Good. That should also help for R where we documented this first,

johnkerl commented 2 months ago

There is something going on, since

["a","b"]  -- indices:
[0,1,0,0,0]]

should have been

["a","b"]  -- indices:
[0,1,0,1,1]]

since we wrote 'b', 'b' at slots 3,4

    pydict = {}
    pydict["soma_joinid"] = [3, 4]
    pydict["foo"] = pd.Series(['b', 'b'], dtype='category')
    rb = pa.Table.from_pydict(pydict)
johnkerl commented 2 months ago

I've verified that ☝️ is a separate bug. Running this on a built checkout without this PR:

ubuntu@segge[prod][kerl/h2h][TileDB-SOMA]$ cat ts.py
import tiledb
import tiledbsoma as soma
import pyarrow as pa
import tempfile
import numpy as np
import pandas as pd
import time

with tempfile.TemporaryDirectory() as uri:

    asch = pa.schema([
        ("foo", pa.dictionary(pa.int8(), pa.large_string()))
    ])

    # Create at time 1
    soma.DataFrame.create(uri, schema=asch, tiledb_timestamp=1).close()

    # Write at time 2
    atbl = pa.Table.from_pydict({
        "soma_joinid": [0, 1, 2],
        "foo": pd.Series(['a', 'b', 'a'], dtype='category'),
    })
    with soma.DataFrame.open(uri, "w", tiledb_timestamp=2) as sdf:
        sdf.write(atbl)

    # Write at time 3
    atbl = pa.Table.from_pydict({
        "soma_joinid": [3, 4],
        #"foo": pd.Series(['b', 'c'], dtype='category'),
        "foo": pd.Series(['b', 'b'], dtype='category'),
    })
    with soma.DataFrame.open(uri, "w", tiledb_timestamp=3) as sdf:
        sdf.write(atbl)

    with soma.DataFrame.open(uri) as sdf:
        table = sdf.read().concat()
        print()
        print("TABLE AT NOW")
        print(table)
        print()
        print(table.to_pandas())
        print()

I get

TABLE AT NOW
pyarrow.Table
soma_joinid: int64
foo: dictionary<values=string, indices=int8, ordered=0>
----
soma_joinid: [[0,1,2,3,4]]
foo: [  -- dictionary:
["a","b"]  -- indices:
[0,1,0,0,0]]

   soma_joinid foo
0            0   a
1            1   b
2            2   a
3            3   a <------ note
4            4   a <------ note
johnkerl commented 2 months ago

Good. That should also help for R where we documented this first,

@eddelbuettel great! If you have a ilnk for that "where" handy, please share it here -- that will be helpful.

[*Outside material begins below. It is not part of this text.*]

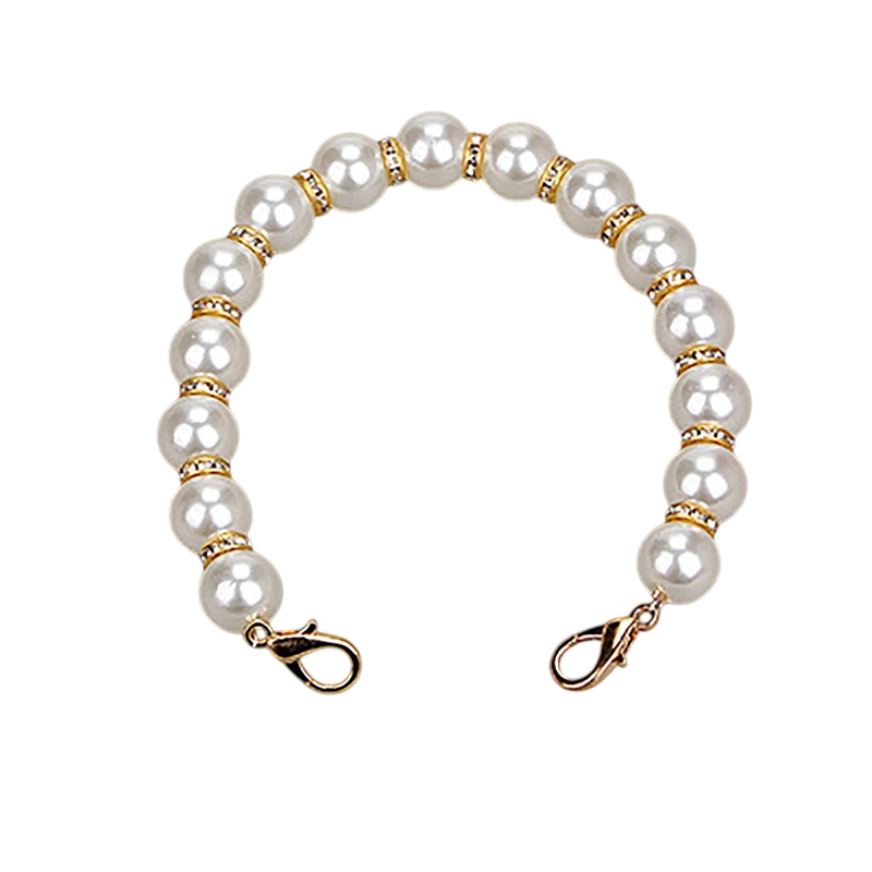Perlový řetízek je vyroben z dekorativních perel doplněných o kovové mezičlánky, které dodávají doplňku výraznější a elegantní charakter. Díky rozměru 30 x 1,6 cm je poutko ideální jako krátké držadlo nebo stylový dekorativní řetízek na kabelku. Praktické karabinové zapínání umožňuje rychlé a pohodlné připevnění ke kabelce, batohu nebo klíčům.

johnkerl commented 2 months ago

Given #2896 and the proof above that the issue I identified is orthogonal to this PR (and pre-dates it), I think we should move forward with this in order to facilitate ongoing R-side development. And #2896 remains open.

I'll add a Python unit-test case as noted above.

johnkerl commented 2 months ago

Good. That should also help for R where we documented this first,

@eddelbuettel great! If you have a ilnk for that "where" handy, please share it here -- that will be helpful.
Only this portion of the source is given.